Пока они неторопливо шли по аллее, Карлос из её болтовни уловил, что зовут ее Матильда, что она какая-то родственница тому самому Очкарику и что живёт на Пятой авеню, прямо напротив парка. Они перешли забитую торопливыми утренними машинами улицу, и Матильда приостановилась перед входом в роскошное парадное со стеклянными дверями и нарядным, как рождественская ёлка, швейцаром. Карлосу показалось, что женщина заколебалась, раздумывая, вести ли его дальше, и он мысленно усмехнулся, понимая, что никуда она от него не денется. Матильда шумно вздохнула, пробормотала себе под нос что-то вроде «Ну что поделать, ну люблю я…» и потянула Карлоса за руку. Торжественный швейцар невозмутимо улыбнулся и открыл перед ними дверь. Хорошо живут, подумал Карлос и вспомнил своё пристанище в Бронксе, с толстяком Джо и дурачком Хозе. Ни того, ни другого не взяли бы в такой дом даже уборщиком. «А меня?» — Карлос усмехался, разглядывая себя и Матильду в зеркальной кабине лифта: сумрачного, с блестящими чёрными глазами, плохо одетого мекса и высокую — на голову выше его! — пухлую белую женщину в тёмном платье, уверенно улыбающуюся ему и их отражению. «Гринго», — неожиданно и холодно подумал Карлос, вкладывая в это слово все то, что в него вкладывали у него на родине — насмешливую зависть, уверенность в собственном превосходстве над разнеженными богатыми чудаками и неясное грозное обещание.
Кабина лифта покачнулась и легко пошла вверх.

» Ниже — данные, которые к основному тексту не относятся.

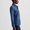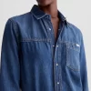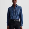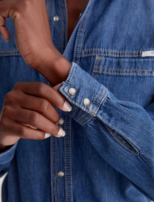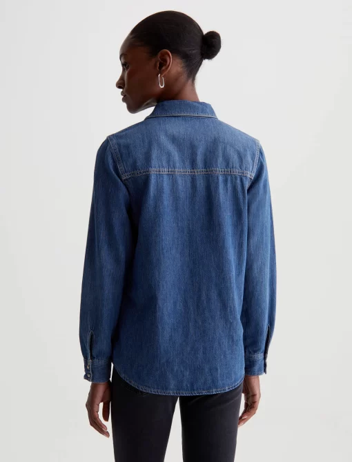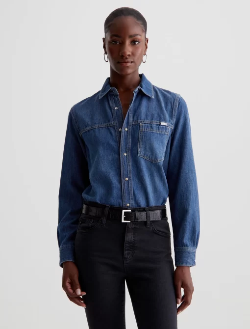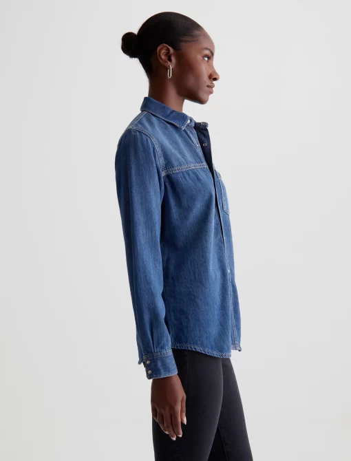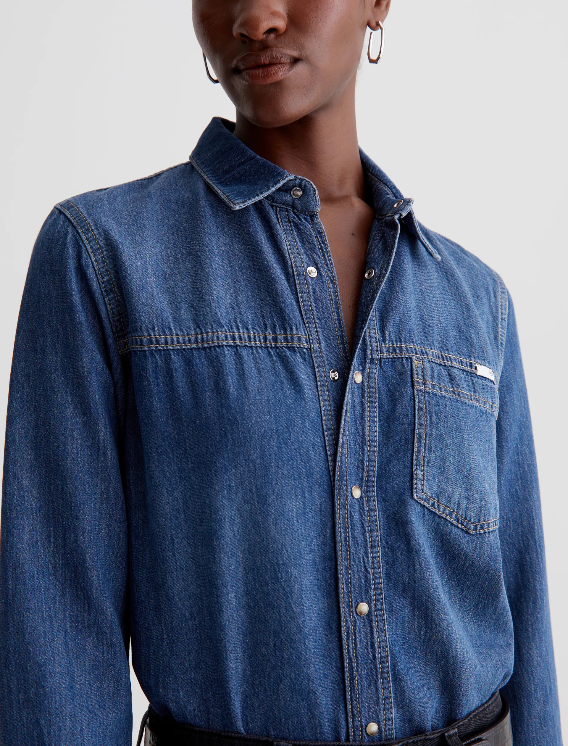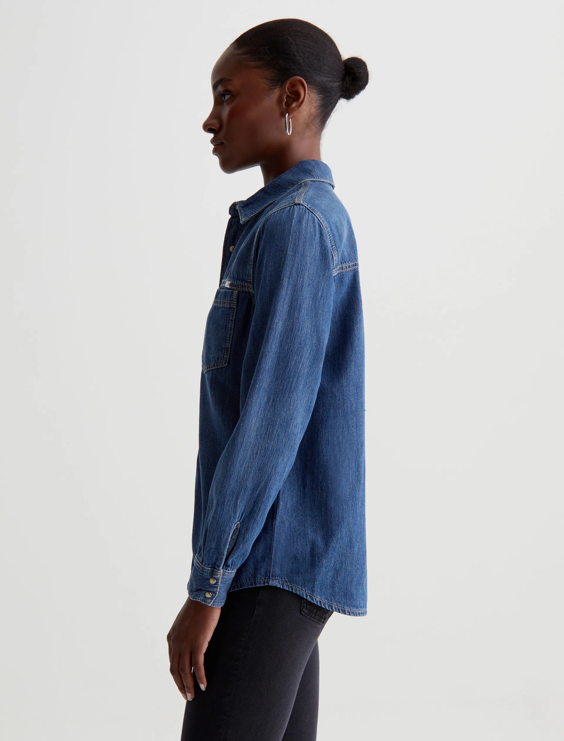 The Dakotah Shirt offers an updated take on the western shirt, designed with a minimalist yoke and a single patch pocket at the chest. This long-sleeve style is made from 7.25 oz. Boundless Lightweight Indigo chambray in a medium wash accented by marigold topstitching. Metal snaps down the front complete the look.

В нем, в этом лифте, чувствовалась мягкая, скрытая мощь, точно такая же, какую, может быть, ощущал сам Карлос. Достаточно нажать кнопку, и начинается движение. Этот лифт всех обманывает, делая вид, что послушен большой белой руке. Ха! Попробуй останови его теперь! А отзывается он на укол какой-то дурацкой кнопки только потому, что ему сейчас всё равно куда нестись — вверх или вниз. Но улизнуть куда-нибудь в сторону он не может! А Карлос? О-о, Карлос может всё! Пусть только эта Матильда позволит ему отпить ещё немного… Но торопиться, как этот дурак-лифт, он не будет. С тех самых пор, как впервые обнял лёгкую, прохладную Мэри, он только и делал, что ждал. А теперь, кажется, дождался, и именно поэтому торопиться не намерен.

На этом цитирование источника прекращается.